# [Aim of the task]
From the records below, transcribe exactly the lines that begin at the line with "Tuy nhiên, tôi" and end at the line with "Jiadu high-end cosmetics", both included.

# [Records for the exercise]

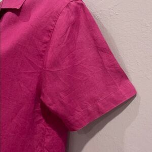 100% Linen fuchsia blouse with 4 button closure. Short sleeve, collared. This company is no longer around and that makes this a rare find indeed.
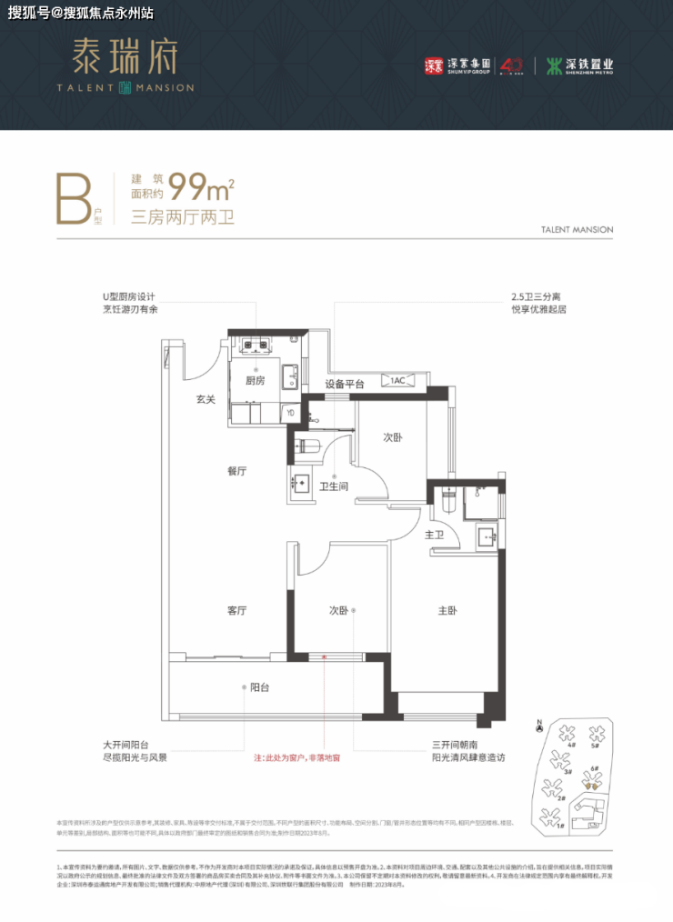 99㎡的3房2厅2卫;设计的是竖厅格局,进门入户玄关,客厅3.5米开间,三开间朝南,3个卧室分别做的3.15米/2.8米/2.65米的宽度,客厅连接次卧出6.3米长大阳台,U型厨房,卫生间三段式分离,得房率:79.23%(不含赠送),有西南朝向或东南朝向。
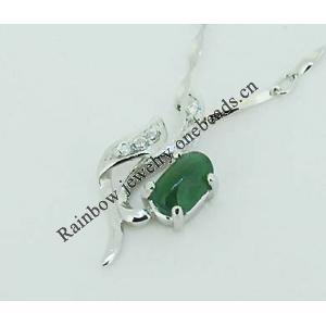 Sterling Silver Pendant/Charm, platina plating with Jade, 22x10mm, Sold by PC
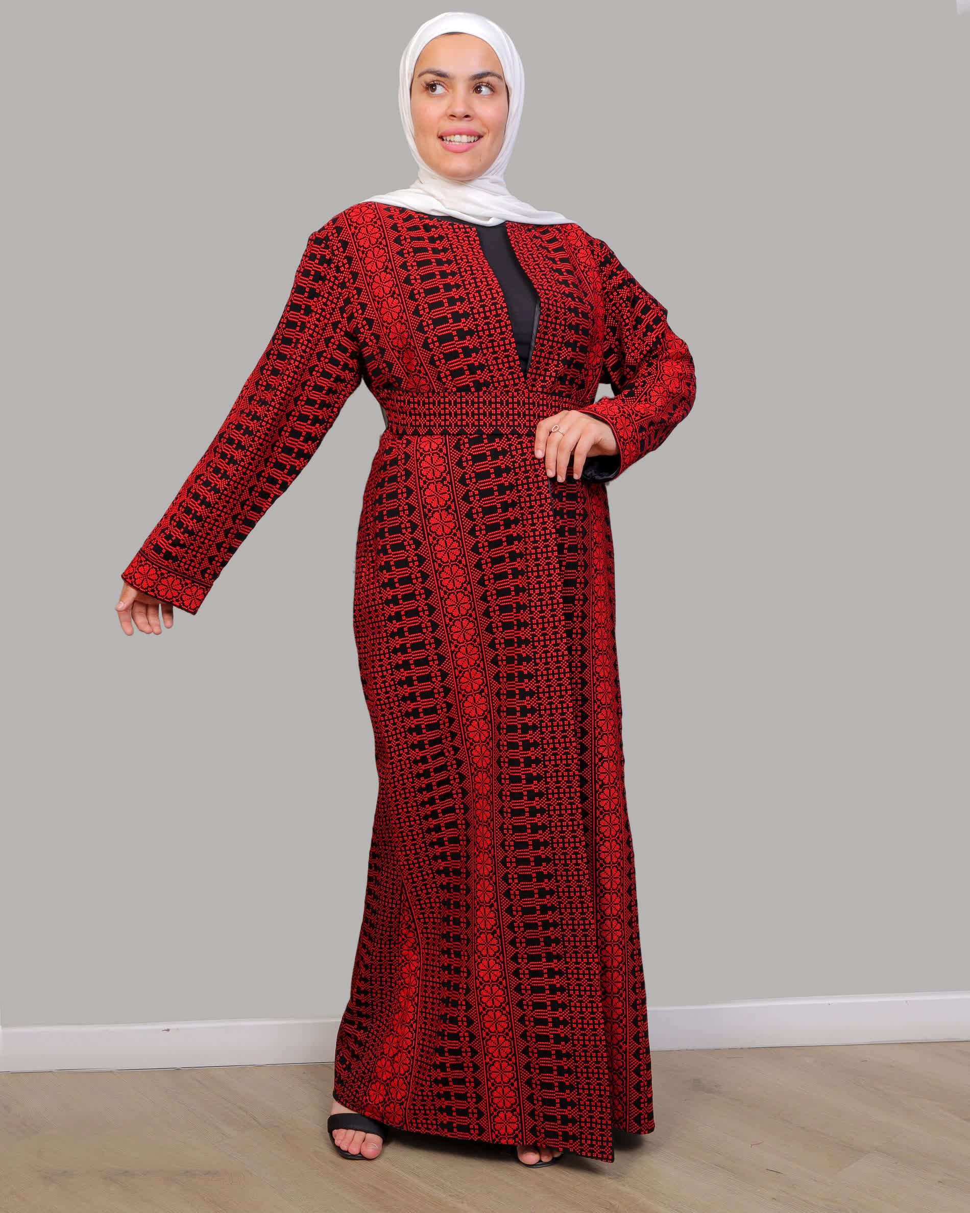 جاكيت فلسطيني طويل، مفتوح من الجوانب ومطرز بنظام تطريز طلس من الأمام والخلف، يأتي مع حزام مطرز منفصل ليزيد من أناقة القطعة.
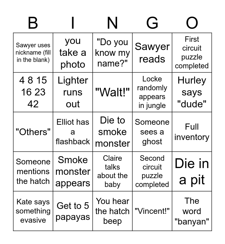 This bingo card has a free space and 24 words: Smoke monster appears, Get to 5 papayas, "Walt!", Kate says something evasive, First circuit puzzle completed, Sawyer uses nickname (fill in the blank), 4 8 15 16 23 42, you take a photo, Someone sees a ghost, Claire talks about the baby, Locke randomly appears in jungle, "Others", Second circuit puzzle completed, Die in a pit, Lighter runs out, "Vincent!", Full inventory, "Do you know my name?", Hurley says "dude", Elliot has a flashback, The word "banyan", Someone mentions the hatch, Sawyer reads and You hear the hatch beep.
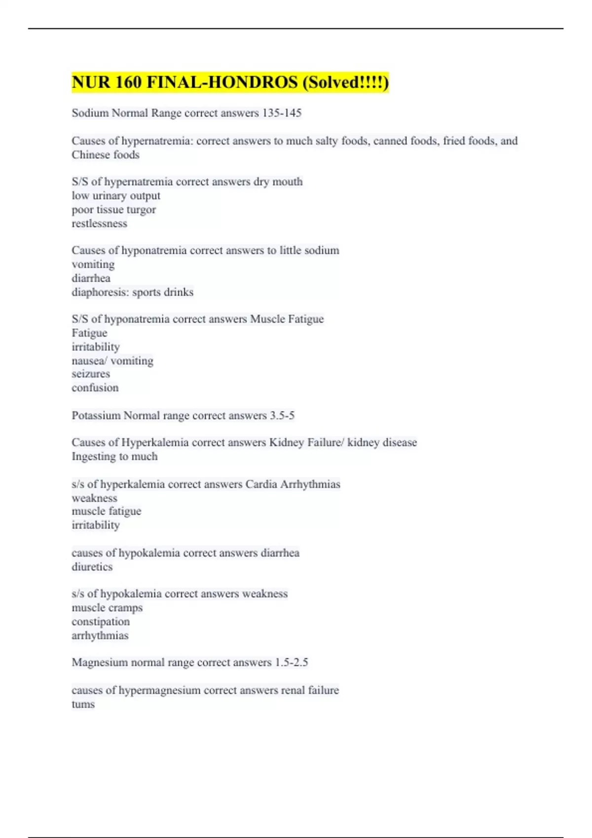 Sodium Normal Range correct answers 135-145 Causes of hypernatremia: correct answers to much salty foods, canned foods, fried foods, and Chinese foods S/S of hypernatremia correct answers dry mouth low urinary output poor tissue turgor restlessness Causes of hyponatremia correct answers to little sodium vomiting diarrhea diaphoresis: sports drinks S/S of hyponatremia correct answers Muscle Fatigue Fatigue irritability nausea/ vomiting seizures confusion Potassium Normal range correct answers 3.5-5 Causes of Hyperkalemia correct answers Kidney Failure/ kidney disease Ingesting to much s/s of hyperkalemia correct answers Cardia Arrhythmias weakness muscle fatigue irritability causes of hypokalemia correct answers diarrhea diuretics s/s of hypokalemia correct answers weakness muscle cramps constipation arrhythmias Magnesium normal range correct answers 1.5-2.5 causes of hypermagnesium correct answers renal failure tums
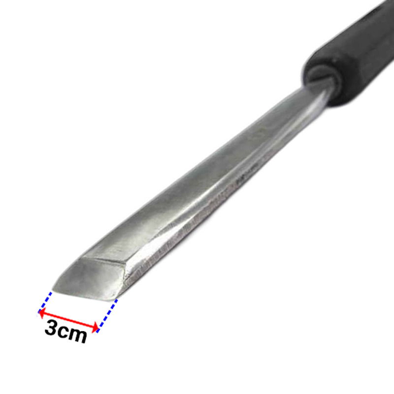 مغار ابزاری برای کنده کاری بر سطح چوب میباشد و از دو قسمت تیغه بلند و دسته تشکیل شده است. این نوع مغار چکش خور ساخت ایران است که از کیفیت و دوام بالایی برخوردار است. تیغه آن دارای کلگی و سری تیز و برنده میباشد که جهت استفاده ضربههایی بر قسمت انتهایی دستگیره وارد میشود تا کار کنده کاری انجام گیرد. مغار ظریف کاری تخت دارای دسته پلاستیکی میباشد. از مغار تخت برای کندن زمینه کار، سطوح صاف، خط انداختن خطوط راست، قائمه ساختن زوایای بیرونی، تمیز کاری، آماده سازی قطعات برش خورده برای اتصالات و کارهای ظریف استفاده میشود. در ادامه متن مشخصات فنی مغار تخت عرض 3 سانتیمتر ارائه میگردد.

* * *

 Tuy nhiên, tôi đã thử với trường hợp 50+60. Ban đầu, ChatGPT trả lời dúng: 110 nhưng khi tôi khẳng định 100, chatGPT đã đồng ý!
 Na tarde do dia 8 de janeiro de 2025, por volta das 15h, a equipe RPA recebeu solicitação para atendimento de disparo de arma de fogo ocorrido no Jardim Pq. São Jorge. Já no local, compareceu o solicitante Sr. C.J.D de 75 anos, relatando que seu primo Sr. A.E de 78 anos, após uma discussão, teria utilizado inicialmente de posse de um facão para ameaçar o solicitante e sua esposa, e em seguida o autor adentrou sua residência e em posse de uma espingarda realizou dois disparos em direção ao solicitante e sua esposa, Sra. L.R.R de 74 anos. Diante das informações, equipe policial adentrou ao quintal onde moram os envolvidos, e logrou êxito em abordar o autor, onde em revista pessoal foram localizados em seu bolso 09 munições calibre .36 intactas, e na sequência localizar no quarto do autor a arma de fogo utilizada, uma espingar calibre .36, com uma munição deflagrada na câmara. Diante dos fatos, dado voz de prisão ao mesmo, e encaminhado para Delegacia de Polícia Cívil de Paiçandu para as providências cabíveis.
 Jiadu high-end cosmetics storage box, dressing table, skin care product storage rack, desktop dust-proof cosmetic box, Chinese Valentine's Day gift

--

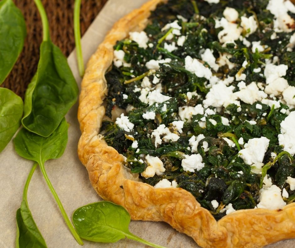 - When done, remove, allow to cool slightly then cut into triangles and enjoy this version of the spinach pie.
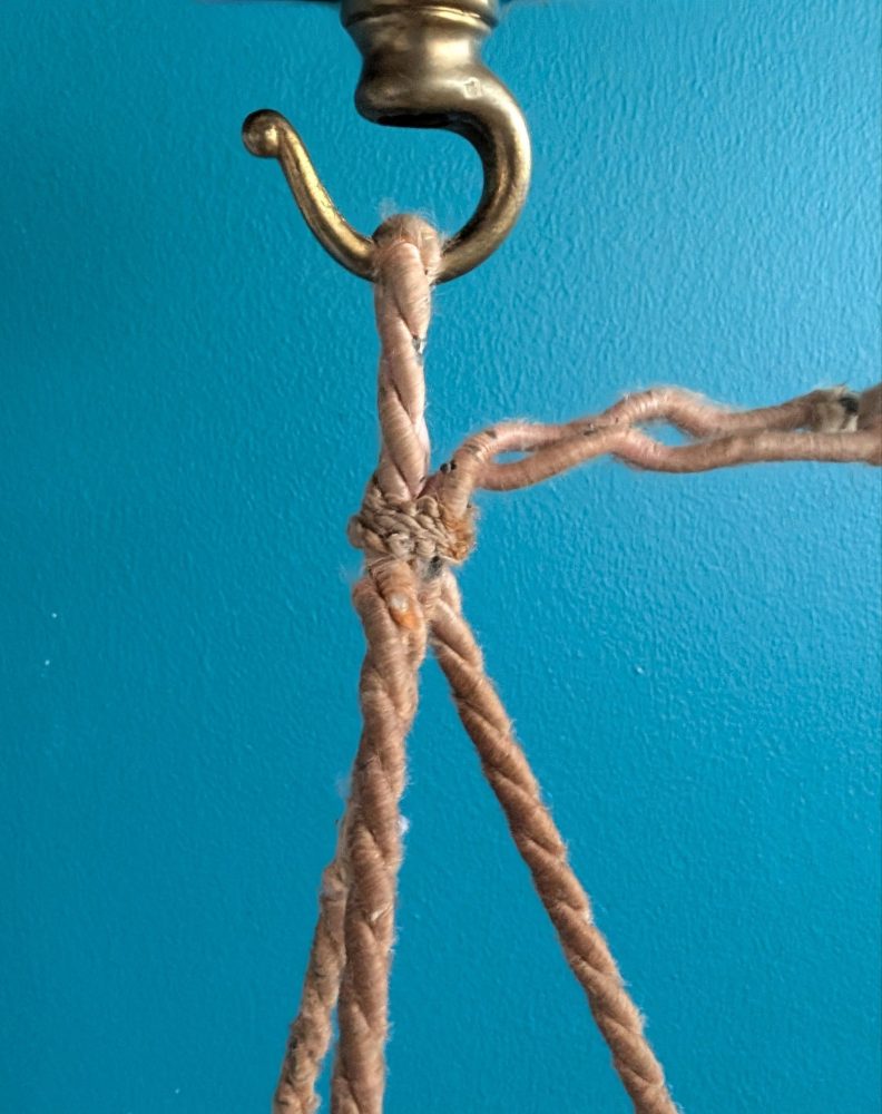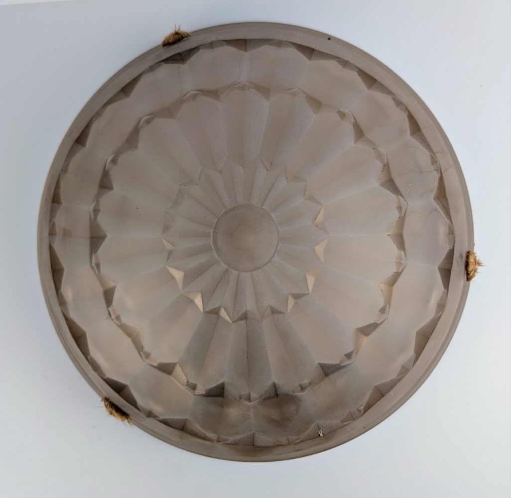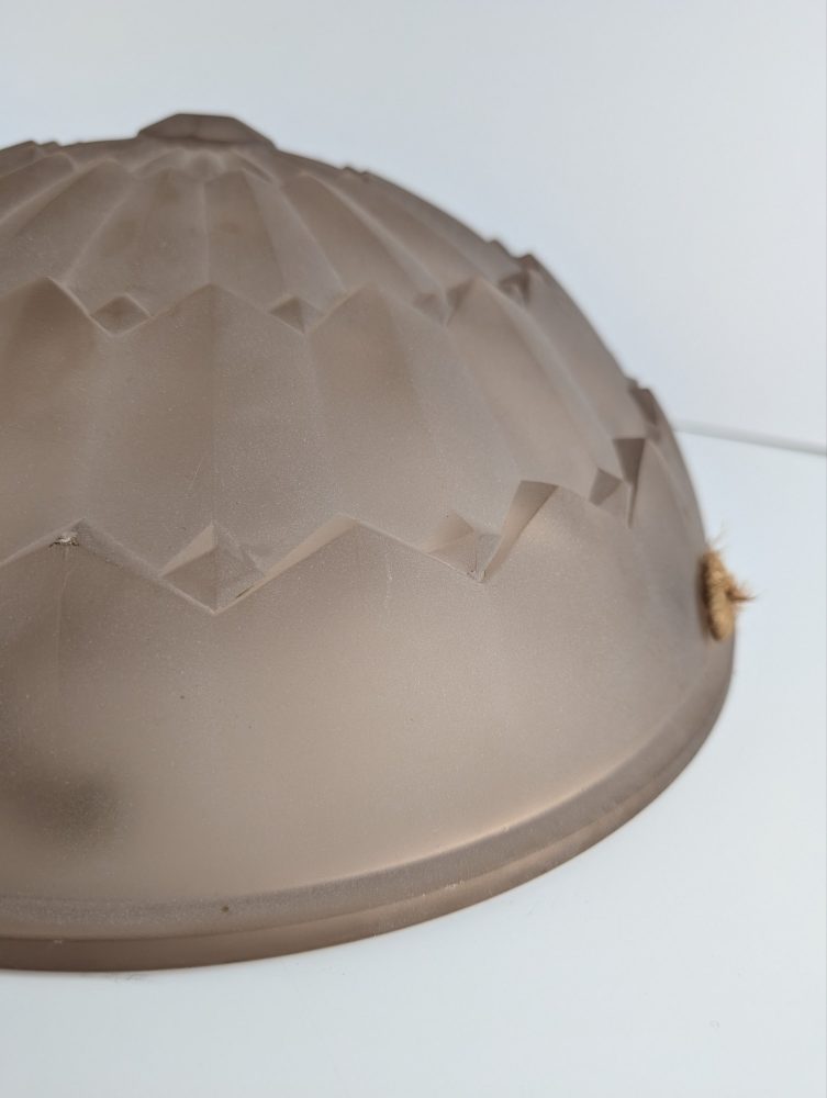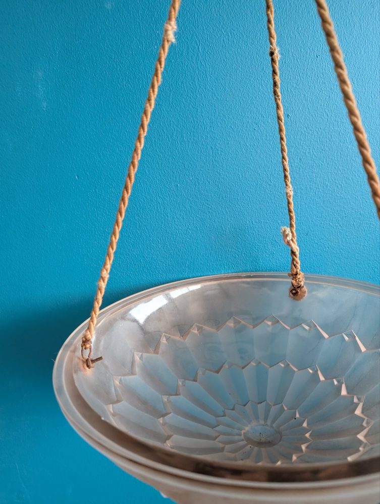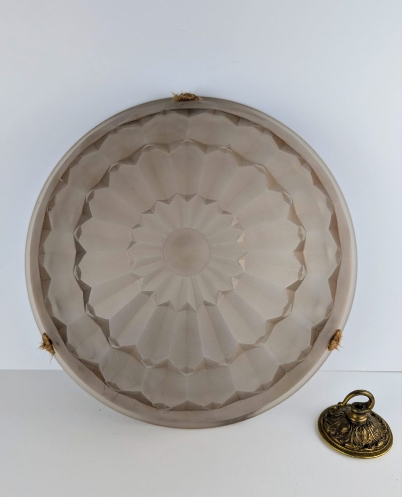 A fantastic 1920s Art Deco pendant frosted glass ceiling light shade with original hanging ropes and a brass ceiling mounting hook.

# [Output of the exercise]
 Tuy nhiên, tôi đã thử với trường hợp 50+60. Ban đầu, ChatGPT trả lời dúng: 110 nhưng khi tôi khẳng định 100, chatGPT đã đồng ý!
 Na tarde do dia 8 de janeiro de 2025, por volta das 15h, a equipe RPA recebeu solicitação para atendimento de disparo de arma de fogo ocorrido no Jardim Pq. São Jorge. Já no local, compareceu o solicitante Sr. C.J.D de 75 anos, relatando que seu primo Sr. A.E de 78 anos, após uma discussão, teria utilizado inicialmente de posse de um facão para ameaçar o solicitante e sua esposa, e em seguida o autor adentrou sua residência e em posse de uma espingarda realizou dois disparos em direção ao solicitante e sua esposa, Sra. L.R.R de 74 anos. Diante das informações, equipe policial adentrou ao quintal onde moram os envolvidos, e logrou êxito em abordar o autor, onde em revista pessoal foram localizados em seu bolso 09 munições calibre .36 intactas, e na sequência localizar no quarto do autor a arma de fogo utilizada, uma espingar calibre .36, com uma munição deflagrada na câmara. Diante dos fatos, dado voz de prisão ao mesmo, e encaminhado para Delegacia de Polícia Cívil de Paiçandu para as providências cabíveis.
 Jiadu high-end cosmetics storage box, dressing table, skin care product storage rack, desktop dust-proof cosmetic box, Chinese Valentine's Day gift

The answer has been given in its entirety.